# Pics of the crew



## Black Rabbit (Nov 14, 2009)

Justice playin ball before the rain hit
















Um throw it!!!!

















a pic with the fish eye just for fun 









Back inside to play with P.P. her favorite fuzzy friend









































Oh no!!!!!!!! LOLL

















time for a nap









Darkness the evil one









Dosia being crazy as usual lol

























such a happy boy


















showing off his natural stack

















*Thanks for looking​*


----------



## cEElint (Oct 6, 2009)

looking awesome.. Justice is such a pretty girl


----------



## Nizmo (Jan 15, 2009)

Dosia is a boss.
Justice looks like shes fitting in great =)


----------



## MY MIKADO (Apr 7, 2006)

OH OH OH I love them all I need to get them printed off.

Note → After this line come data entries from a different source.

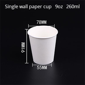 | Single wall paper cup | Specification | Capacity(ml) | Upper diameter (mm) | Bottom width (mm) | Height(mm) | Quantity/bag (pcs) | Quantity/box (pcs) | Carton size (cm) |
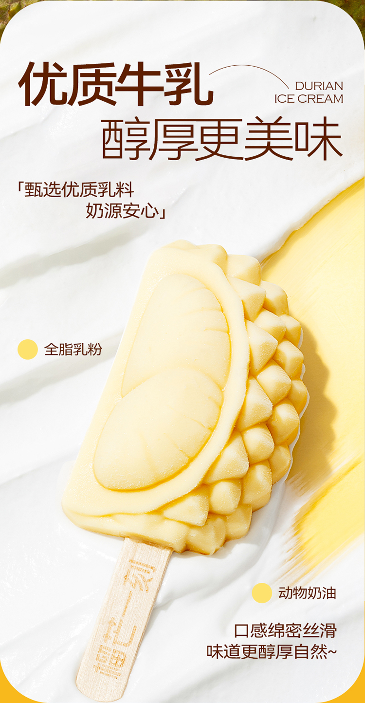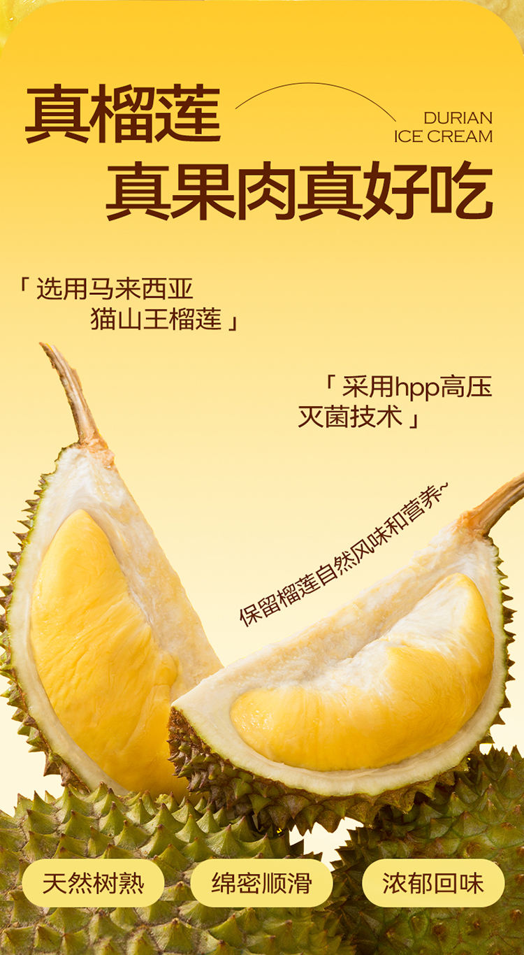 榴芒一刻猫山王榴莲冰淇淋50g*6/8/10/12支 下午茶生日礼物年货甜点 HY
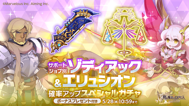 期間限定武器「ゾディアック」と、「エリュシオン」が、ガーディアン/ヴァルキリーのジョブ別で確率アップ!
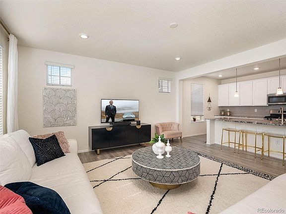 Welcome to your new dream home in beautiful Castle Rock. As you step inside, you'll immediately be impressed by the open and welcoming floor plan, complete with hardwood floors and high ceilings. The gourmet kitchen features stainless appliances, granite countertops, and plenty of storage space, making it the perfect place to cook and entertain. The adjoining dining area is spacious and ideal for hosting large gatherings. Rounding out the main floor is a full bath and bedroom that can also be used as a home office. Upstairs, the primary suite is a true retreat, with a luxurious ensuite bathroom and a walk-in closet. The two additional bedrooms are well-sized, and the loft provides the perfect space for additional living area. The laundry room is conveniently located upstairs, making laundry day a breeze. The attached 2 car garage provides plenty of room for parking and storage. Outside, the massive lot offers endless possibilities for outdoor entertainment, including a beautifully stamped concrete patio perfect for summer barbecues and gatherings. The unfinished basement offers you endless opportunity to expand the living space in the home. Conveniently located across the street from a park and playground. Just a short drive away from shopping, restaurants, and the highway. Don't miss the opportunity to call this home yours!
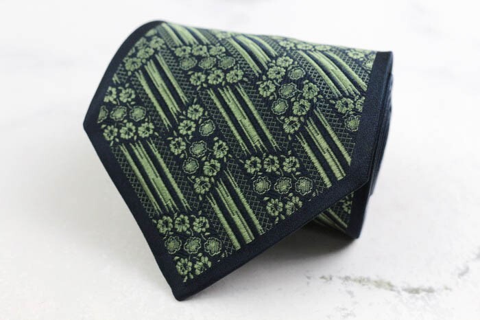 - ミラショーン シルク 小紋柄 花柄 イタリア製 ブランド ネクタイ メンズ ネイビー 良品 mila schon
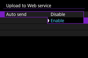 - Kai pasirinksite [Enable/Įjungti], įjungus fotoaparatą, vaizdai bus automatiškai siunčiami.
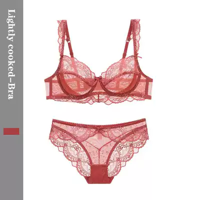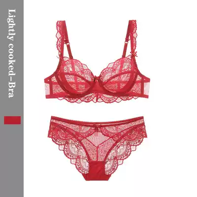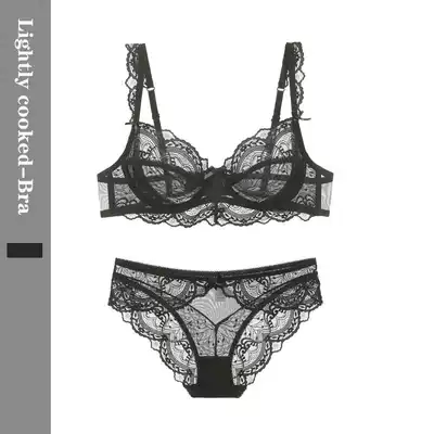 (Light cooked) Sexy big breasts European and American lace classic perspective ultra-thin underwear set large size underwear women's double-breasted buckle

I think I will do a four picture frame. I really love the 5th one of Dosia.


----------



## PBnKobePit (Sep 26, 2011)

Beautiful dogs


----------



## Black Rabbit (Nov 14, 2009)

cEElint said:


> looking awesome.. Justice is such a pretty girl


Thankns Clint  She's the cutest little thing ever. She plays like a kitty 


Nizmo said:


> Dosia is a boss.
> Justice looks like shes fitting in great =)

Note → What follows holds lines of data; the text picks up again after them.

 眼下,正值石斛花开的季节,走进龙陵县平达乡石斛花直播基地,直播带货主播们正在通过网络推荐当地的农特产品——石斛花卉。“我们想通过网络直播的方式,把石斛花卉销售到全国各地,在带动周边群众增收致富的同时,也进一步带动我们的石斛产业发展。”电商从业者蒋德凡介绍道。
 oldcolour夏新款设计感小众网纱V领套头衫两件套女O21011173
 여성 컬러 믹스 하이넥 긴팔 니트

:woof: I love that big crazy oaf. He's the bestest boy in the world 
Justice is a wonderful girl, she is super sweet and totally fit right in.


MY MIKADO said:


> OH OH OH I love them all I need to get them printed off. I think I will do a four picture frame. I really love the 5th one of Dosia.

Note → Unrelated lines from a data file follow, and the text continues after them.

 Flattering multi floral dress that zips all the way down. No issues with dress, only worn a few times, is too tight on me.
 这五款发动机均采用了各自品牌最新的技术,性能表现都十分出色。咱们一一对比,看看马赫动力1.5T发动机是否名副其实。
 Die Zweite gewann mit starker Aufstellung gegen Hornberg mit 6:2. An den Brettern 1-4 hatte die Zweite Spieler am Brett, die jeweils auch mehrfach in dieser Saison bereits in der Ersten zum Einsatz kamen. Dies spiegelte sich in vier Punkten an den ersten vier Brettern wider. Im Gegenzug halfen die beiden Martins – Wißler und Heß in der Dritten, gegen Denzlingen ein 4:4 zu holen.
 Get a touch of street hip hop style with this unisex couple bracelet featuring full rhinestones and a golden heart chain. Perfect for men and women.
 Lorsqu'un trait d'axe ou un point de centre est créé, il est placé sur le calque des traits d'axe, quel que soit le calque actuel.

Thanks girl :hug: He's turned into such a handsome boy  I can't believe he's almost 3 already.


----------



## Black Rabbit (Nov 14, 2009)

PBnKobePit said:


> Beautiful dogs


Thank you


----------



## leatherman-cowboy (Feb 10, 2010)

Hey kg420
A pleasure seeing your crew working the rope,and also the great interaction with your feline crew.This only happens with a well balanced house hold where each has their place.
Great job,and thank you for sharing.
Henry


----------



## Black Rabbit (Nov 14, 2009)

Thanks Henry  Shhhhh don't tell P.P. he's a cat, he's got no clue lol  He thinks he's a puppy :woof:


----------



## EL CUCO (Jul 25, 2011)

leatherman-cowboy said:


> Hey kg420
> A pleasure seeing your crew working the rope,and also the great interaction with your feline crew.This only happens with a well balanced house hold where each has their place.
> Great job,and thank you for sharing.
> Henry


:goodpost: I have a lot of stray cats in my neighborhood that hate dogs so I'm always impressed...more with the cat that can tolerate a big goofy dog (in their eyes) lol

Great pics K!


----------



## circlemkennels (Aug 29, 2010)

great pics girly  they all look great!


----------



## DMTWI (Nov 2, 2010)

The crew all look good, how do the two pups get along?


----------



## Aireal (Jul 2, 2010)

They all look fantastic chica!!!!! Totally <3 them all


----------



## Black Rabbit (Nov 14, 2009)

NoWuCmEnOwU... said:


> :goodpost: I have a lot of stray cats in my neighborhood that hate dogs so I'm always impressed...more with the cat that can tolerate a big goofy dog (in their eyes) lol
> 
> Great pics K!


Thank you 


circlemkennels said:


> great pics girly  they all look great!


Thanks Jessie 


DMTWI said:


> The crew all look good, how do the two pups get along?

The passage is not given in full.